Anyway, I'm a pie guy. Lee and Taylor enjoy eating them, but I think they get more enjoyment out of watching me struggle with density and tilt their heads with a smile at my stubbornness about using a recipe.

My great-grandmother Margaret never used recipes... at least when I was around.

She was a beautiful woman that carried a tattered rag around in her brazier she used to wipe the sweat from her forehead throughout the day, well into her 70s. She always had baked sweets for us, but then made us eat asparagus and red apples and other healthy options.

She taught us the best decorations for Christmas trees were made in the kitchen.

On Sundays she sent her granddaughters out to the "Colonel's" for a large chicken lunch after church.

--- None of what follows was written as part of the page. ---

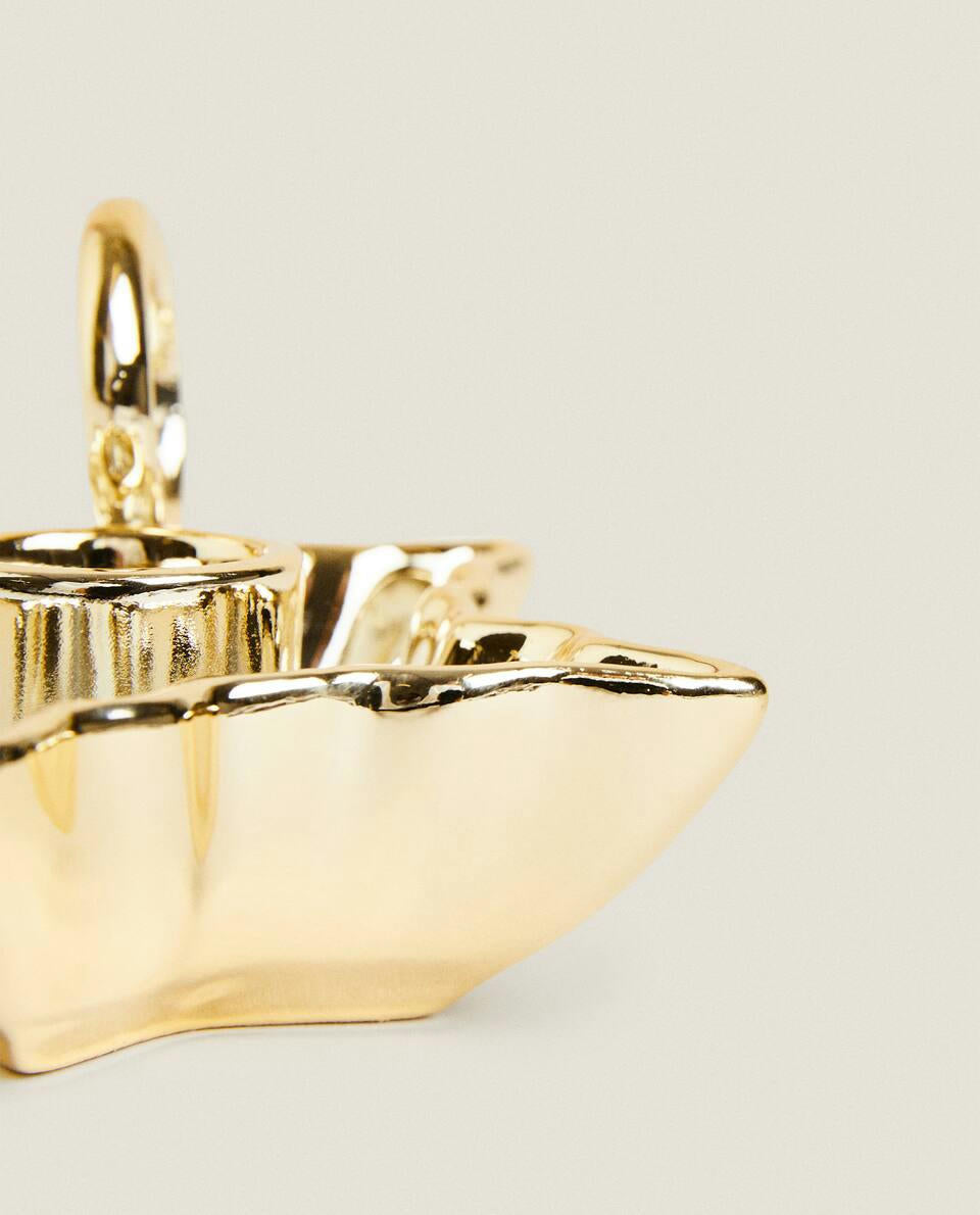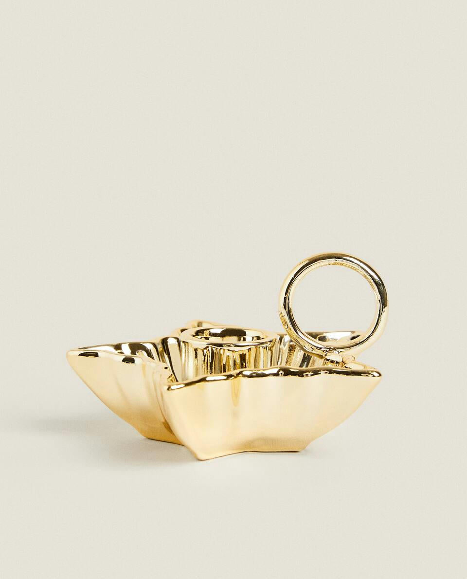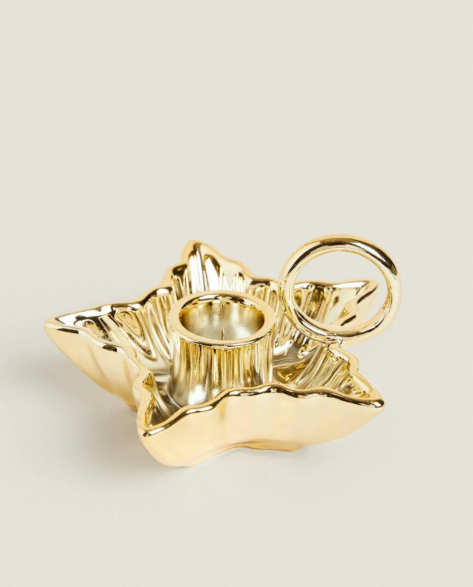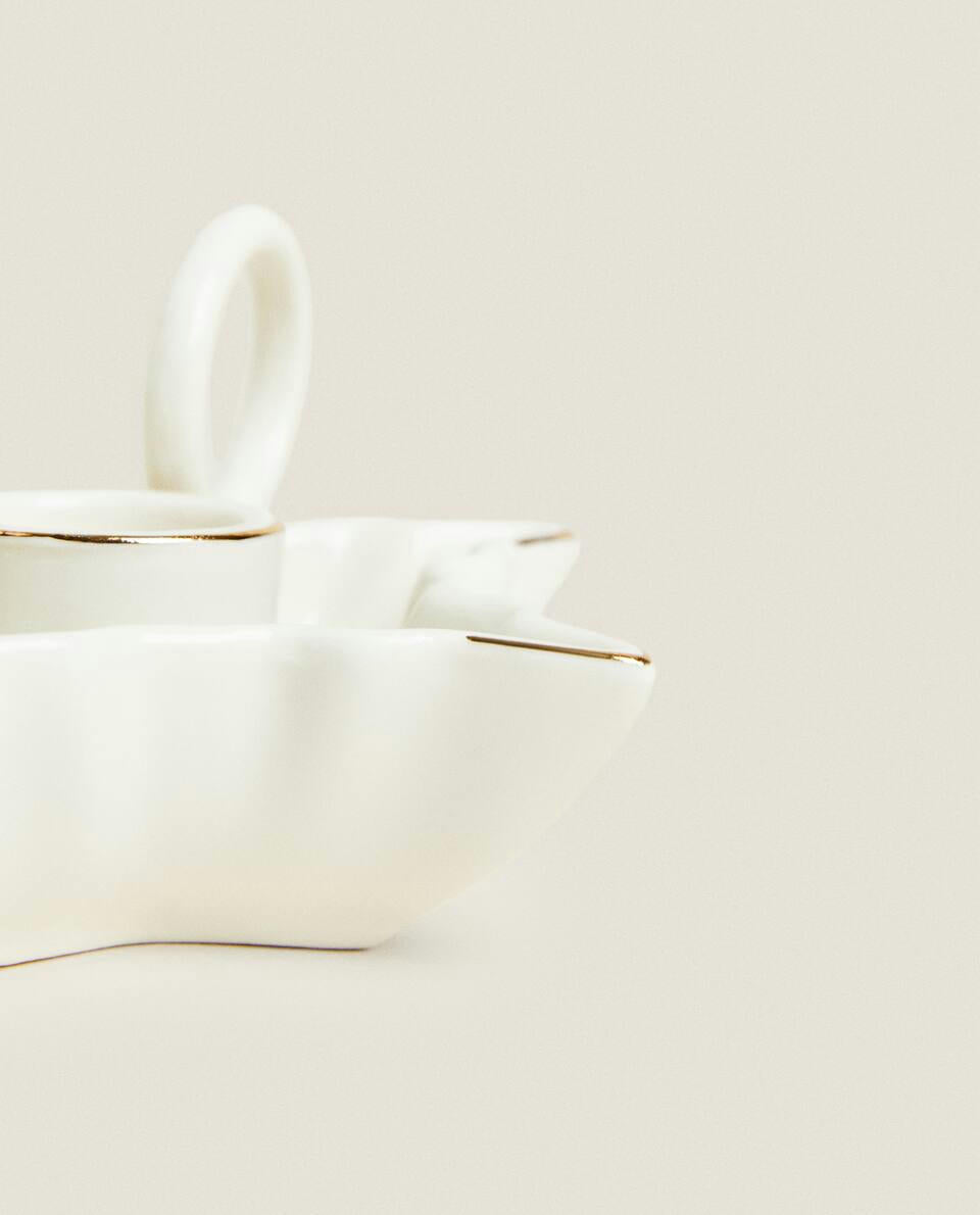 Candeliere in porcellana con manico, caratterizzato da una base a forma di stella con bordo dorato, per Natale.

She was a warrior and died at the age of 90 when I was 22. I thought I knew heartbreak then.

I hope she's holding hands with my daughter as the two laugh at my struggle with the perfect pie.

In my faith, they are together with Lee's mom Sam, my dads. and the whole group cheering me on, knowing I'm scrambling day-to-day to find things to ease the pain.

There's no recipe here.

Speaking of pie, with the Community Thanksgiving dinner succumbing to the ravage of the coronavirus, Hy-Vee announced Friday the Fort Madison store will be donating 50 Thanksgiving meals to the Food Pantry. With Iowa Fertilizer taking literally a ton of food over there, they're stocked pretty well. No one should go hungry on Thanksgiving... But that's Beside the Point.